Le Hamas contre l’EI & Israël
Parallèlement, l’ONU et toutes les grandes organisations humanitaires qui se sont penchées sur la question ont accusé les gangs, et non le Hamas, d’être responsables des pillages. Aucune n’a rapporté de cas crédibles de vol d’aide humanitaire par le Hamas. En fait, l’administration Biden a même demandé à Israël en février 2024 de cesser de cibler les forces de sécurité du Hamas, qui aidaient à coordonner l’acheminement des camions humanitaires à Gaza.
« Le Hamas, c’est l’État islamique”, a déclaré le Premier ministre israélien Benjamin Netanyahu . Mais les actions récentes d’Israël suggèrent le contraire, à savoir que ce dernier renforce activement les factions salafistes afin de nuire au Hamas à Gaza. En mars, l’armée israélienne a émis l’idée d’armer certains clans tribaux afin d’établir des « zones exemptes du Hamas ». Parmi ceux envisagés figurait le clan Dughmush, connu depuis longtemps pour ses liens avec Daech.
Depuis que le Hamas a été élu au pouvoir et a pris le contrôle total de Gaza en 2007, il mène une guerre incessante contre les factions salafistes-djihadistes à l’intérieur de la bande de Gaza. En 2009, il a écrasé un soulèvement aligné sur Al-Qaïda qui a fait 22 morts. Des attentats à la bombe et des tentatives d’assassinat sporadiques ont suivi.
Les tensions entre le Hamas et les affiliés d’Al-Qaïda se sont poursuivies par intermittence pendant des années, marquées par des violences ponctuelles et des arrestations massives régulières, notamment en 2015, lorsque le Hamas a arrêté plus de 50 militants salafistes après une vague d’attentats à la bombe visant des civils à Gaza.
La même année, l’EI a officiellement pris part au conflit. La Brigade Cheikh Omar Hadid, qui lui est affiliée, a annoncé sa présence à Gaza peu après l’exécution du commandant du Hamas Cheikh Abu Salah Taha dans le camp de Yarmouk en Syrie. Le Hamas a réagi sans tarder : ses forces de sécurité ont traqué et tué le chef du groupe, Younis Hunnar, lors d’une fusillade.
En 2018, Daech a officiellement «déclaré la guerre» au Hamas, appelant ses partisans à mener des attaques afin de renverser le groupe à Gaza.

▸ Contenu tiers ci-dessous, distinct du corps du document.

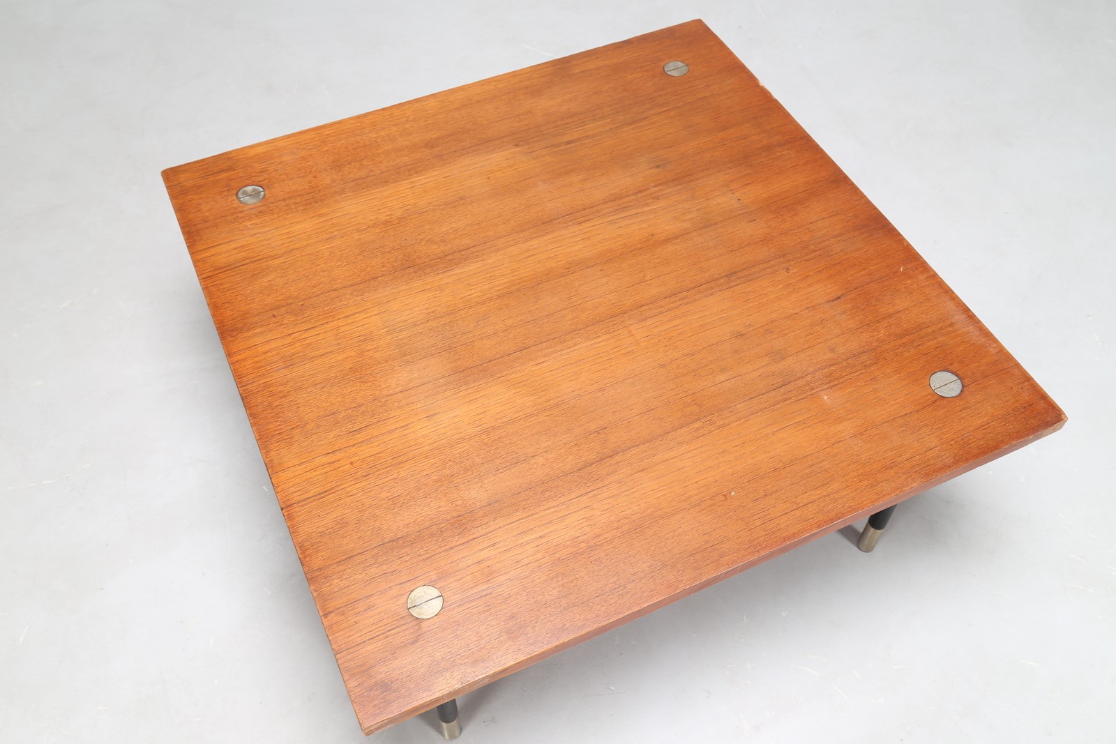 ITALIAN MANUFACTURE Coffee table. Plywood and metal. Cm 75,00 x 35,00 x 75,00. Base in chromed and lacquered metal, top in teak wood. 50s.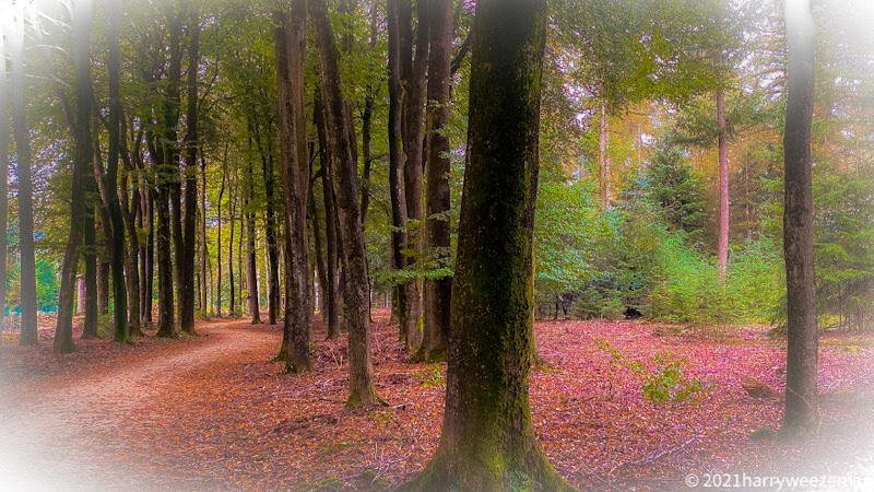 De bedoeling van de pyramide loop is om je conditie te verbeteren. Interval training. Eerst 5 minuten rustig inlopen dan 1 minuut nog even rustig en dan 1 minuut knallen, flink tempo. Ik loop met poles (nordic stokken) en mijn snelheid is dan zo’n 6,5 km. Dan twee minuten rustig en twee minuten knallen. Zo tot aan de 4 minuten tempo en dan weer afbouwen naar de onderkant van de pyramide. Heerlijk. Tijdens het uitlopen nog maar even een foto genomen van het bos dat al aardig in herfstkleuren komt.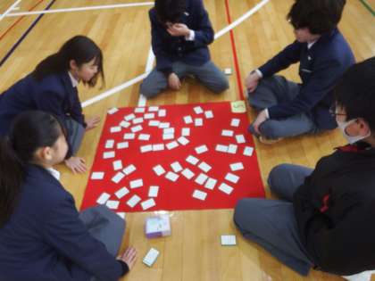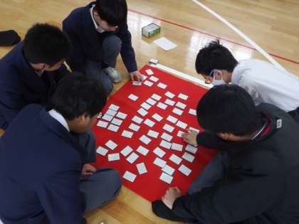 昨日公立中期選抜も終わり、ほっと一息つけたので、本日1,2限目に体育館で3年生は小倉西院杯かるた大会を実施しました。3年生のみんなも真剣に読み手の声に集中しながら「かるた」をにらみつけていました。まさしく3年生も真剣勝負でした!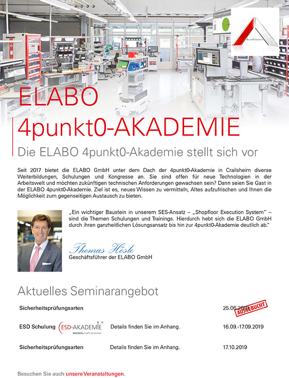 Aus diesem Anlass ist die ELABO 4punkt0-Akademie entstanden. Unter dem Slogan „Trainings für Menschen mit Ideen“ veranstaltet ELABO zahlreiche Schulungen und Veranstaltungen. Ziel ist es, Neues zu vermitteln, Altes aufzufrischen und Ihnen die Möglichkeiten zum gegenseitigen Austausch zu bieten.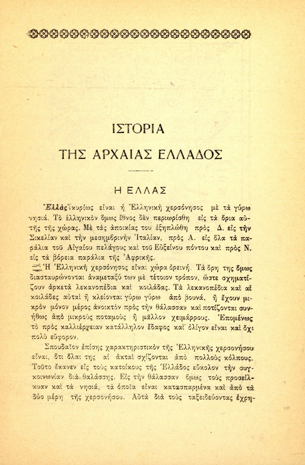 Βαθμίδα εκπαίδευσης: Δευτεροβάθμια Τάξη: Α' Ελληνικού Σχολείου Μάθημα: Ιστορία Γλώσσα: Καθαρεύουσα Παρουσίαση περιεχομένου: Σχολικό εγχειρίδιο Ιστορίας Α' Ελληνικού Σχολείου που καλύπτει το διάστημα από τους προϊστορικούς χρόνους ως τη Μακεδονική Ηγεμονία. |

Aujourd’hui, dans un revirement cynique, Israël soutient bon nombre de ces mêmes éléments. Sous le couvert de « l’aide à la sécurité », il arme et aide d’anciens membres de l’EI et d’Al-Qaïda, ainsi que des trafiquants et des chefs de guerre notoires, à établir des zones de contrôle à Gaza. Ces forces sont présentées comme une alternative populaire au Hamas. Dans la pratique, elles pillent l’aide humanitaire et déstabilisent la gouvernance locale sous l’œil vigilant des drones israéliens.